### Collected data entries
□ □ □ □ □

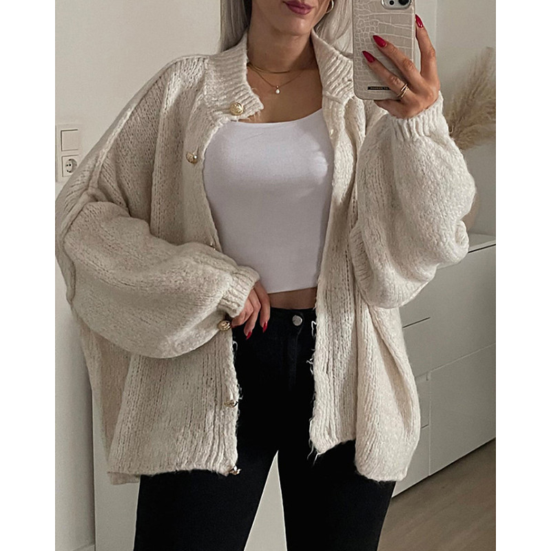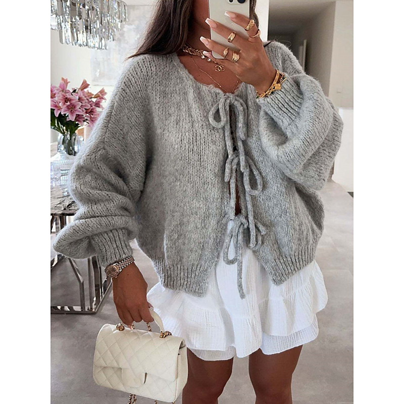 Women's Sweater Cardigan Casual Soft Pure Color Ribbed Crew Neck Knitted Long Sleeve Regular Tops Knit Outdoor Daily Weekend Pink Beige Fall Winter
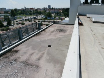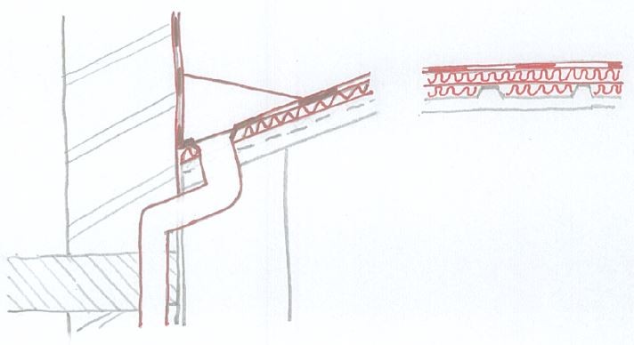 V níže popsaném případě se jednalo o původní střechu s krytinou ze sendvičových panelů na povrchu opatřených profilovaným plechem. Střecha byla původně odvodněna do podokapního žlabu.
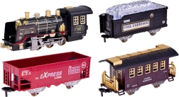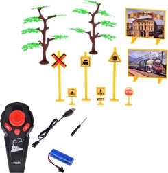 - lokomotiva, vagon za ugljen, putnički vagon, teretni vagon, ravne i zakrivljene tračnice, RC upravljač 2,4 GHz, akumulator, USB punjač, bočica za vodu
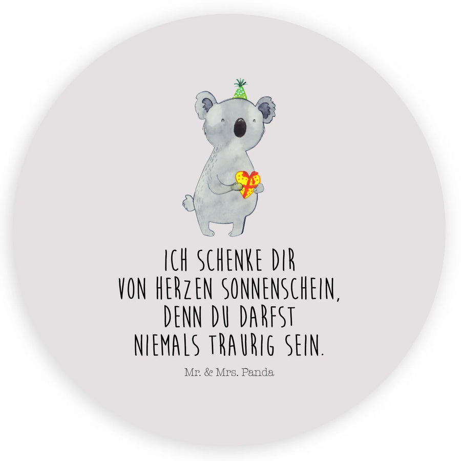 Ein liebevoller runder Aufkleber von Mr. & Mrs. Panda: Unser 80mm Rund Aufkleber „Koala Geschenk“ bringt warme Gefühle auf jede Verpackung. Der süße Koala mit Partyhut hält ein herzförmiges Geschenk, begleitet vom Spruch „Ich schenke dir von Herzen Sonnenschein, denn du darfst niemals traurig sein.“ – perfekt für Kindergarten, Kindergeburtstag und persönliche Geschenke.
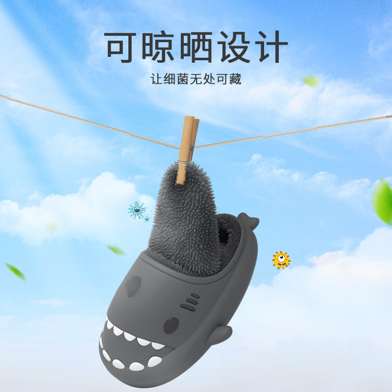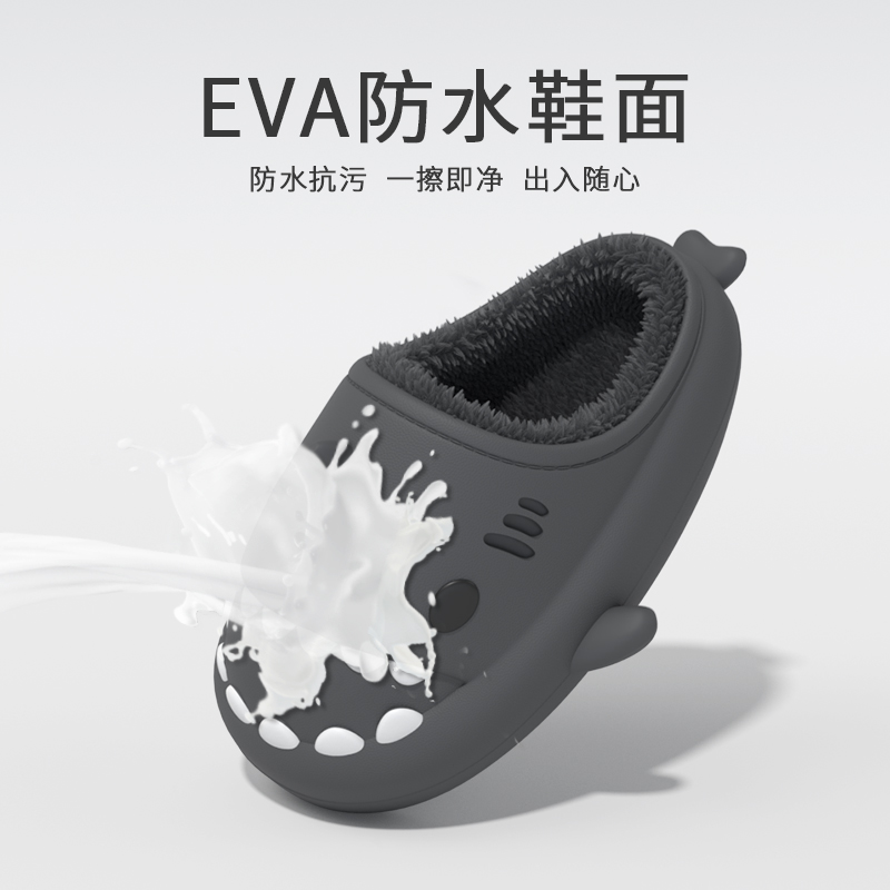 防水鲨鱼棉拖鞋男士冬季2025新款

□ □ □ □ □

Pictures are to be left out when the lines from the one containing "- lokomotiva, vagon" through the end of the records above are repeated exactly; no other line is wanted.

 - lokomotiva, vagon za ugljen, putnički vagon, teretni vagon, ravne i zakrivljene tračnice, RC upravljač 2,4 GHz, akumulator, USB punjač, bočica za vodu
 Ein liebevoller runder Aufkleber von Mr. & Mrs. Panda: Unser 80mm Rund Aufkleber „Koala Geschenk“ bringt warme Gefühle auf jede Verpackung. Der süße Koala mit Partyhut hält ein herzförmiges Geschenk, begleitet vom Spruch „Ich schenke dir von Herzen Sonnenschein, denn du darfst niemals traurig sein.“ – perfekt für Kindergarten, Kindergeburtstag und persönliche Geschenke.
 防水鲨鱼棉拖鞋男士冬季2025新款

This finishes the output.